Questo figlio rientra poi in se stesso e si rende conto di aver peccato, di aver "fallito il bersaglio" e decide di ritornare da suo padre. È interessante: rientrò in sé. Dov'era prima? Era fuori di sé, fuori dalla verità. La sofferenza gli permette di rientrare in sé, di avvertire nostalgia di suo padre, della bellezza, della sua vera dignità. In ogni uomo c'è questo luogo intimo, questa verità profonda dove uno ricorda di essere figlio e non pascolatore di porci. Il padre gli corre incontro e senza dirgli niente, lo riabbraccia, gli ridà la sua dignità di figlio e fa festa! È felice di averlo ritrovato! E questo figlio entra nella gioia, scoprendo dov'è la vera festa: non fuori, ma lì, nella casa del Padre, in comunione con Lui. Questa festa Dio la fa ogni volta che qualcuno ritorna a Lui, ogni volta che io e te ci confessiamo, che dopo aver cercato "fuori dalla ca-a del Padre", cioè fuori dalla sua volontà e dalla Sua Parola la felicità, rientriamo in noi e ci andiamo a confessare dal sacerdote!
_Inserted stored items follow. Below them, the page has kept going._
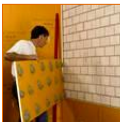
Nivelación de soportes con irregularidades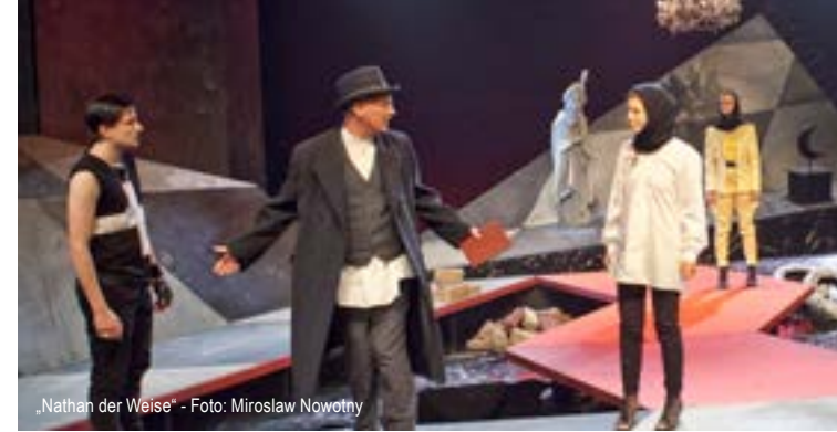
„Nathan der Weise“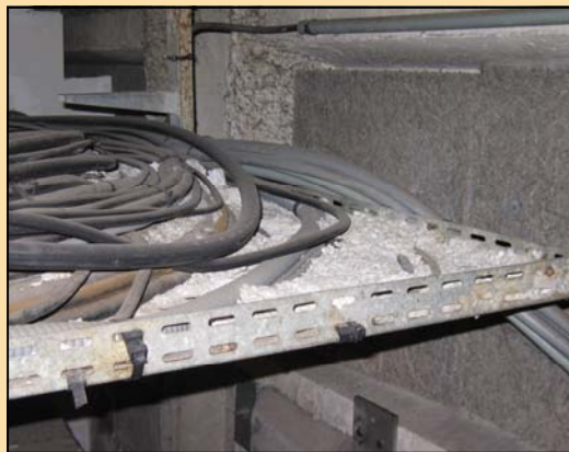
Pluie de morceaux d'amiante sur un chemin de câbles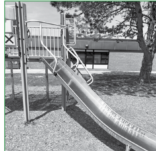
(Above): Playground equipment at TJL and WDPS would be replaced, in addition to safety resurfacing.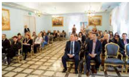
II Międzynarodowa Konferencja Naukowa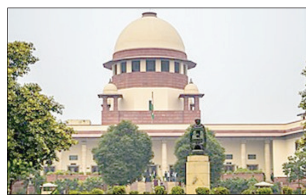
ସିଧାସଳଖ ରୂପେ କାର୍ଯ୍ୟକ୍ରମ ପ୍ରସ୍ତୁତ ହେବ । ତୁଳନାତ୍ମକ ଭାବରେ କୋର୍ଟ କହିଥିଲେ । ଏହି ମାମଲାର ପରବର୍ତ୍ତୀ ଶୁଣାଣି ଆସନ୍ତା ଜୁଲାଇ ୧୬ ତାରିଖରେ ହେବ । ଏହି ମାମଲାର ପରବର୍ତ୍ତୀ ଶୁଣାଣି ଆସନ୍ତା ଜୁଲାଇ ୧୬ ତାରିଖରେ ହେବ ।

କୋର୍ଟ କଥା କହିଥିଲେ ମଧ୍ୟ ତାଙ୍କ ଜାମିନ ଆଦେଶ ଉପରେ କିଛି କିଛି ନିଷ୍ପତ୍ତି ଶୁଣାଇ ନାହାନ୍ତି । ମେ' ୯ ତାରିଖ ପରେ ଏହି ମାମଲାର ପରବର୍ତ୍ତୀ ଶୁଣାଣି ହେବ । ଆଜି କିଛି ସମ୍ପର୍କୀତ ଖାତା ଓ କର୍ତ୍ତୃତ୍ୱ ଦାପତର ଦଖଲ କରାଯାଇଛି । ଏହି ସମ୍ପର୍କରେ ଇଡିକୁ ଅନେକ ମହତ୍ତ୍ୱପୂର୍ଣ୍ଣ ପ୍ରଶ୍ନ ପଚାରିଥିଲେ ଖଣ୍ଡପୀଠ । ବିଲୁ ଅବକାରୀ ନୀତି ମାମଲାର ତଦତ୍ତରେ କାର୍ଯ୍ୟକ୍ରମ ୨ ବର୍ଷ ସମୟ ଲାଗିଲା ବୋଲି କୋର୍ଟ ପ୍ରଶ୍ନ କରିଥିଲେ । ଏଥିପ୍ରତି ଏହି ମାମଲାର ସାକ୍ଷୀ ଓ ଅଭିଯୁକ୍ତ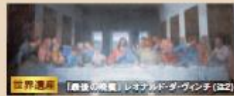
世界遺産 『最後の晩餐』レオナルド・ダ・ヴィンチ(注2)

世界的に人気で 予約の確保が難しい レオナルド・ダ・ヴィンチの傑作『最後の晩餐』鑑賞(注2)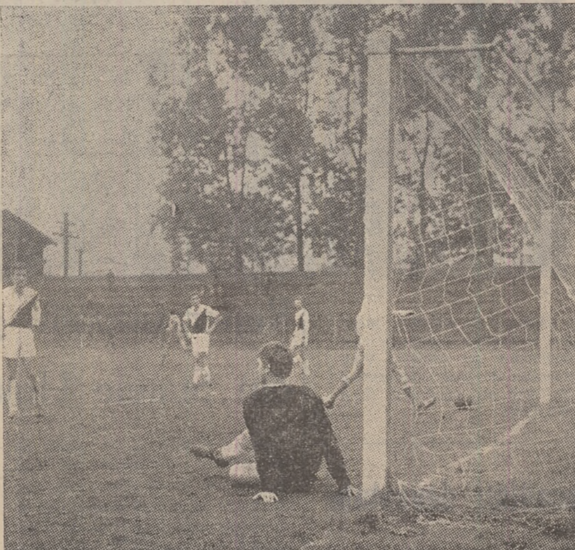
Mîngea poposește pentru a patra oară în poarta lui Sicla. 4-0 pentru Minerul.

2-0 și numai automulțumirea i-a făcut să plece doar cu un punct de pe malul mării. Cîteva cuvinte despre meciul de la poalele Timpei, unde Jiul a primit trei goluri în 25 de minute, dar a redus din handicap și puțin a lipsit ca tînărul Coleac, autorul celor două goluri (inspirat și introducerea lui în prima echipă), să nu egaleze situația. Cu această a treia înfrîngere consecutivă, Jiul a coborît pe locul 9, la egalitate de puncte cu Farul și Rapid, dar cu golaveraj negativ, de minus 2. De aceea, meciul de duminică al Jiului, cu Dinamo Bacău, trebuie privit cu toată seriozitatea, fiind așteptat cu multă nerăbdare de iubitorii fotbalului din Valea Jiului. Meciul Rapid — Dinamo București a fost amînat deoarece giuleștenii au venit cu Infiriere din turneul efectuat în Algeria.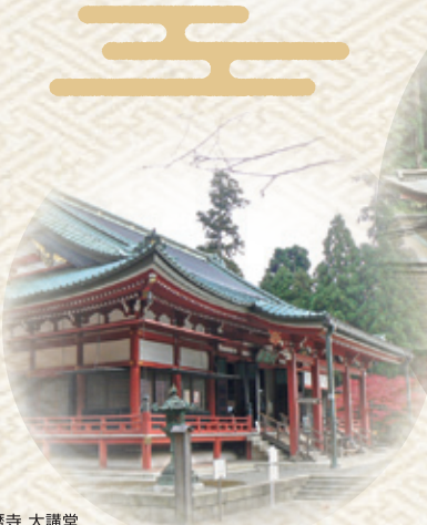
比叡山延暦寺 大講堂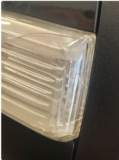
2.1 No krakelering i lys venstre side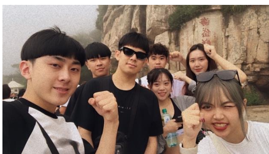
圖十三：學生登泰山合照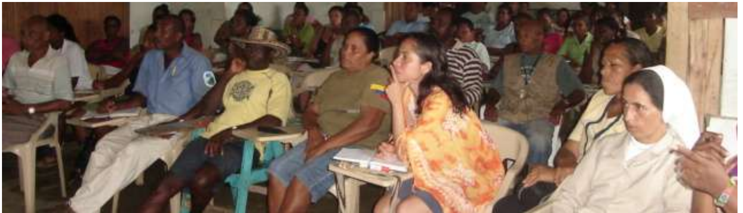
Conversatorio etnoeducación y cultura , Nuquí, 27 de Noviembre.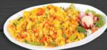
41. CƠM CHIÊN TÔM 169 Kč Gebratene Reismudeln mit Huhn und Gemüse (A:2) Fried rice with prawn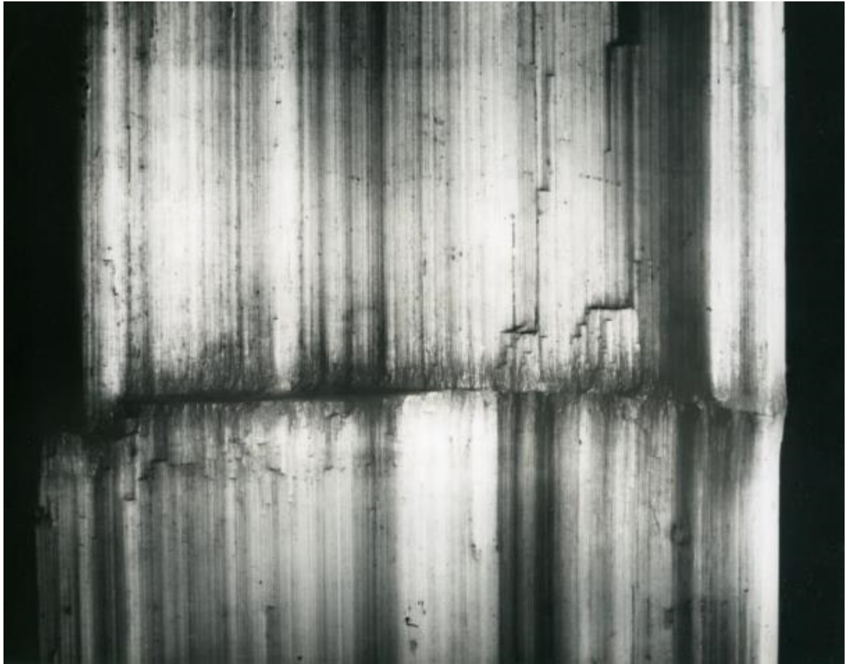
Alfred Ehrhardt, Wachstumskante am faserigen Gips, Bristol, England, 1938/39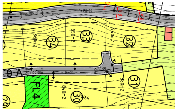
Utsnitt av endringsforslag rev. 28.05.10

Kartutsnittene ovenfor viser gjeldende plan til venstre og endringsforslaget til høyre.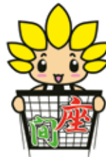
座間市マスコットキャラクター 「ざまりん」

座間市大凧まつりを 4年ぶりに 通常開催します。 大空に掲揚する大凧を ご覧ください。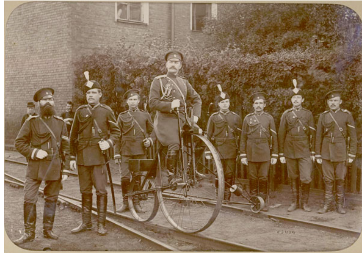
Şekil 2: Demiryolu bisikletinin askeri amaçlarla kullanımı.

Askeri amaçlarla savaş zamanı veya diğer zamanlarda demiryolu bisikleti kullanımı hatların denetlenmesi ve bakım ihtiyaçları için müdahale aracı olarak geçmişte kullanılmıştır (Şekil.2).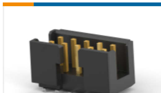
TE 产品编号1-2373376-0 10P,2MM,SHRD HDR,DRVVT,SMD,0.1 AU,TB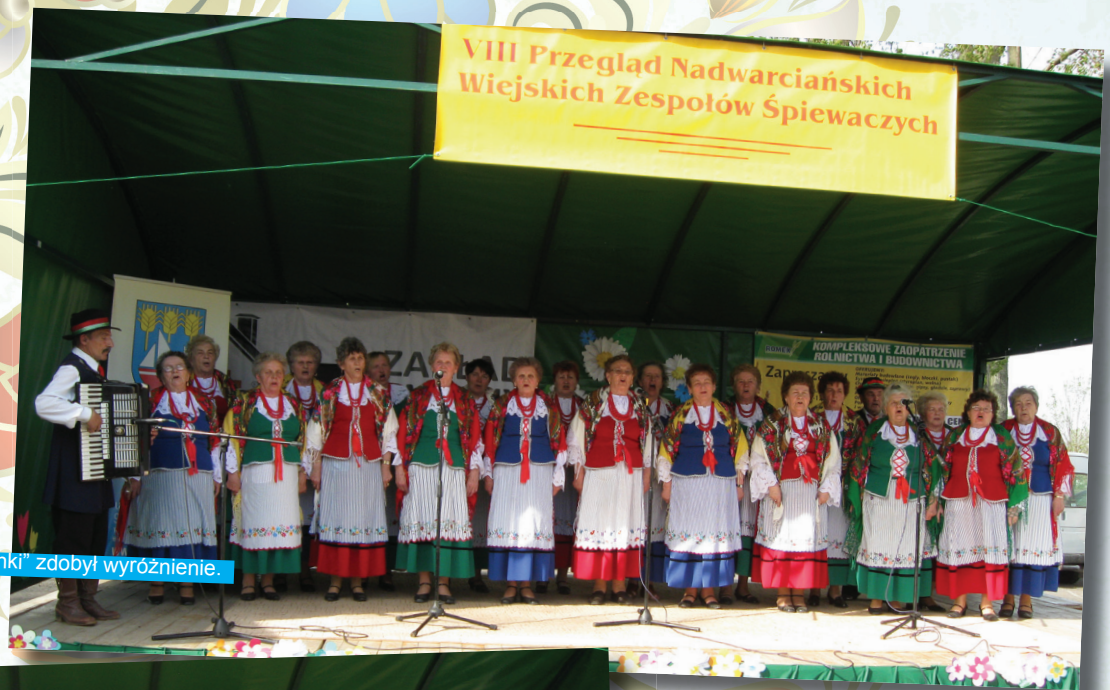
W Brzegu zespół „Mierzęcanki” zdobył wyróżnienie.

VIII Przegląd Nadwarciańskich Wiejskich Zespołów Śpiewaczych odbył się w Brzegu, 29 kwietnia tego roku. Zaprezentowały się w jego trakcie zespoły z woj. łódzkiego, wielkopolskiego, śląskiego i lubelskiego. Naszą gminę reprezentowały: Zespół Śpiewaczy „Mierzęcanki” i Kapela Regionalna „Mierzęcice”. Występy podobały się publiczności.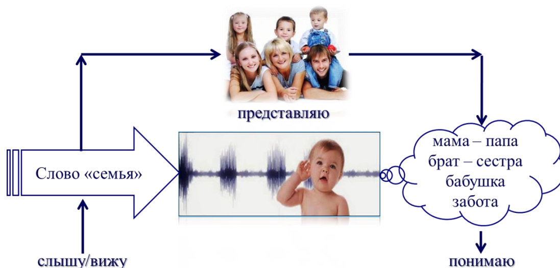
Рисунок 2 – Механизм смыслового восприятия и передачи концепта 1

Например, мы слышим: «родители – дети», «муж – жена», и в нашем сознании возникает одна ассоциация – СЕМЬЯ, причём не само слово, а именно картинка, которая содержит как наше личное представление именно о нашей семье, так и представление о семье в некотором обобщённом, переданном нам извне виде. Это, собственно говоря, и есть механизм смыслового восприятия концепта сознанием, причём как слышащего, так и видящего слово, который можно представить следующим образом (Рисунок 2):

C'è poi l'altro figlio, il maggiore: nonostante sia sempre stato con il Padre, è incapace di gioire e di fare festa per il fratello ritrovato. È uno che sta lì fisicamente ma non con il cuore, che fa le cose solo perché deve: vive tutto come un peso, parla come un servo. Ha scambiato suo padre per il suo padrone; non c'è intimità, affetto; non ha capito chi è suo padre, quanto sia buono e generoso e non si gode la gioia di essere suo figlio. Il padre è stupito: ma come figlio mio, sei qui con me, è tutto tuo... ma che dici? Ma l'ha capito che fine stava facendo questo tuo fratello? Quanti vivono così il loro cristianesimo: come una serie di cose da fare per Dio che li deve ripagare con benefici e privilegi; che fanno continui confronti con gli altri, guardando di sbieco chi dopo aver sbagliato ritorna al Signore o chi, a loro parere, sta meglio di loro; che fanno la gara dei meriti e che alla prima sofferenza se la prendono con Dio, rinfacciandogli tutti i loro servigi mal ripagati; che guardano quasi con invidia persino chi sta fuori dalla chiesa e pecca, della serie: beato te che puoi... senza aver capito che essere cristiani non è un peso, è una grazia! Che la vera festa è stare proprio nella Chiesa, nella casa del Padre, lì dove possiamo stare uniti a Lui e avere in noi la sua vita. Stare nella casa del Padre, attingere al suo amore, al suo perdono, alla sua forza, diventando come Lui: questa è la vera gioia!